Segment Start: Data extracts

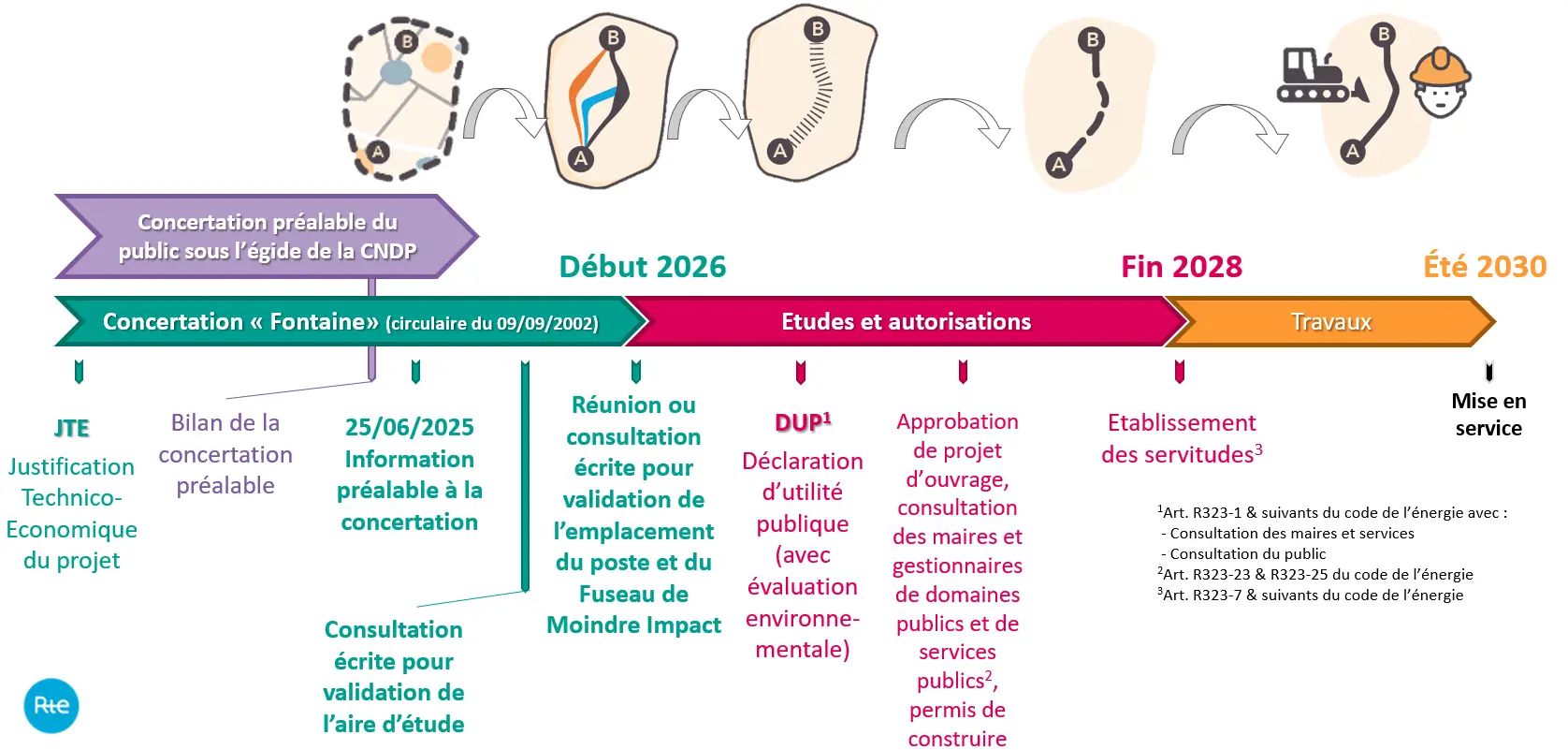 VERSO ENERGY et RTE prévoient un dépôt du DDAE à l’horizon du premier semestre 2026. Une fois celui-ci réputé complet par l’administration, une phase de consultation du public s’ouvrira.
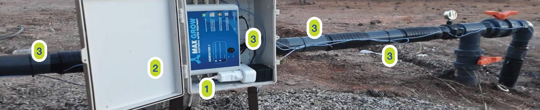 El emisor electrónico emite pulsos de ondas mecánicas que se transfieren alrededor de la tubería de riego. Las diversas señales de frecuencia disuelven a nivel molecular todas las sales metálicas contenidas en el agua que fluye a través de la tubería y así se impide que las sales se acumulen en el suelo y se produzca un efecto de lixiviado en profundidad
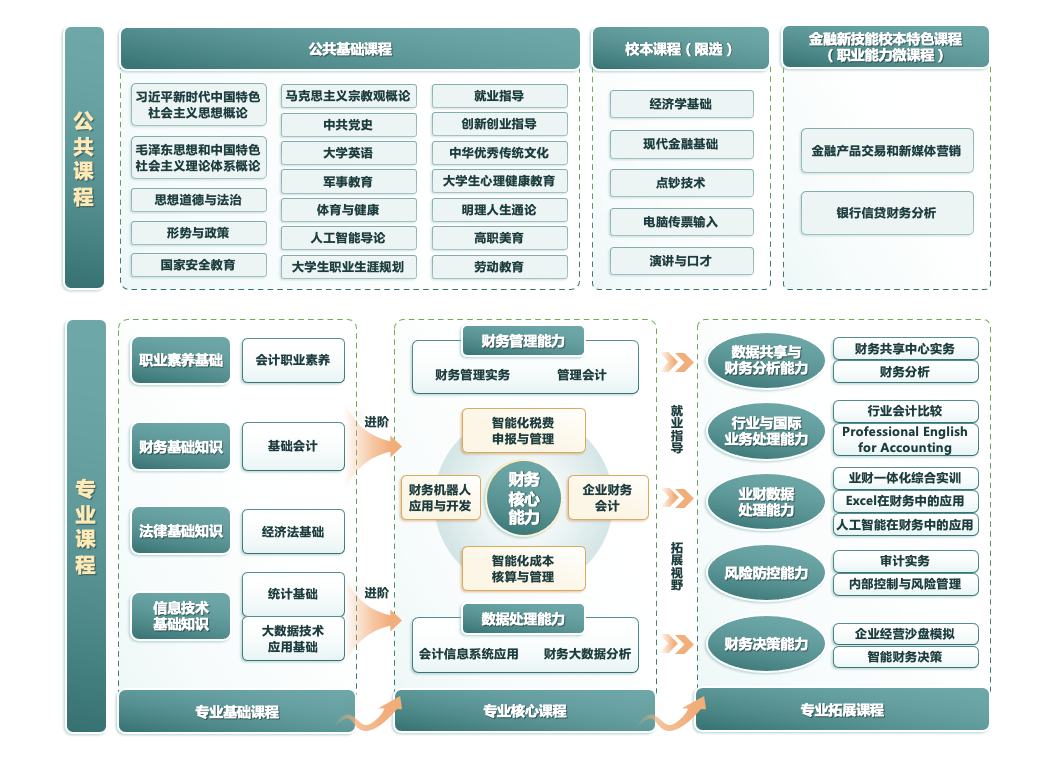 基础会计、企业财务会计、审计实务、智能化税费申报与管理、智能化成本核算与管理、财务管理实务、会计信息系统应用、管理会计、财务机器人应用与开发、财务大数据分析等。
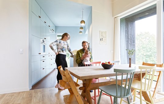 - Hvem bor her: Mette Adelørn Windfeldt, socialrådgiver, og Mads Adelørn Windfeldt, møbelsnedker og arkitekt samt børnene Aida, 5, Ebbe, 3, og Vera på 2½ måned
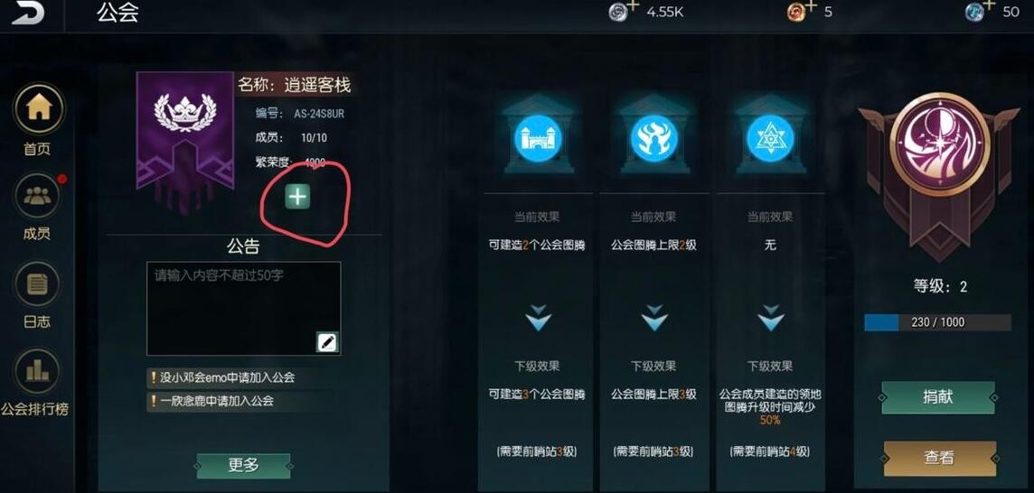 人数扩建到达10个人后,想要进一步招人需要先扩建公会
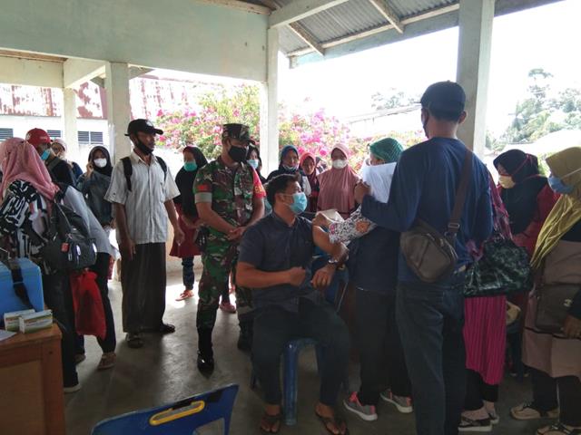 Dalam kesempatan tersebut para Babinsa Praka Muiswanto di wilayah memang sering terlibat dalam pendampingan pelaksanaan vaksinasi Covid-19, kegiatan pendampingan bertujuan untuk memberikan rasa nyaman dan aman kepada masyarakat yang akan mendapatkan suntikan vaksinasi, dalam hal ini untuk Proses pelaksanaan : Meja 1 Pendaftaran, Meja 2 Screning/ Riwayat Penyakit, Meja 3 Penyuntikan Vaksin dan Meja 4 Pencatatan.

Segment End: Data extracts

- Work to complete: Repeat all entries exactly, pictures excluded.

- Answer box:
 VERSO ENERGY et RTE prévoient un dépôt du DDAE à l’horizon du premier semestre 2026. Une fois celui-ci réputé complet par l’administration, une phase de consultation du public s’ouvrira.
 El emisor electrónico emite pulsos de ondas mecánicas que se transfieren alrededor de la tubería de riego. Las diversas señales de frecuencia disuelven a nivel molecular todas las sales metálicas contenidas en el agua que fluye a través de la tubería y así se impide que las sales se acumulen en el suelo y se produzca un efecto de lixiviado en profundidad
 基础会计、企业财务会计、审计实务、智能化税费申报与管理、智能化成本核算与管理、财务管理实务、会计信息系统应用、管理会计、财务机器人应用与开发、财务大数据分析等。
 - Hvem bor her: Mette Adelørn Windfeldt, socialrådgiver, og Mads Adelørn Windfeldt, møbelsnedker og arkitekt samt børnene Aida, 5, Ebbe, 3, og Vera på 2½ måned
 人数扩建到达10个人后,想要进一步招人需要先扩建公会
 Dalam kesempatan tersebut para Babinsa Praka Muiswanto di wilayah memang sering terlibat dalam pendampingan pelaksanaan vaksinasi Covid-19, kegiatan pendampingan bertujuan untuk memberikan rasa nyaman dan aman kepada masyarakat yang akan mendapatkan suntikan vaksinasi, dalam hal ini untuk Proses pelaksanaan : Meja 1 Pendaftaran, Meja 2 Screning/ Riwayat Penyakit, Meja 3 Penyuntikan Vaksin dan Meja 4 Pencatatan.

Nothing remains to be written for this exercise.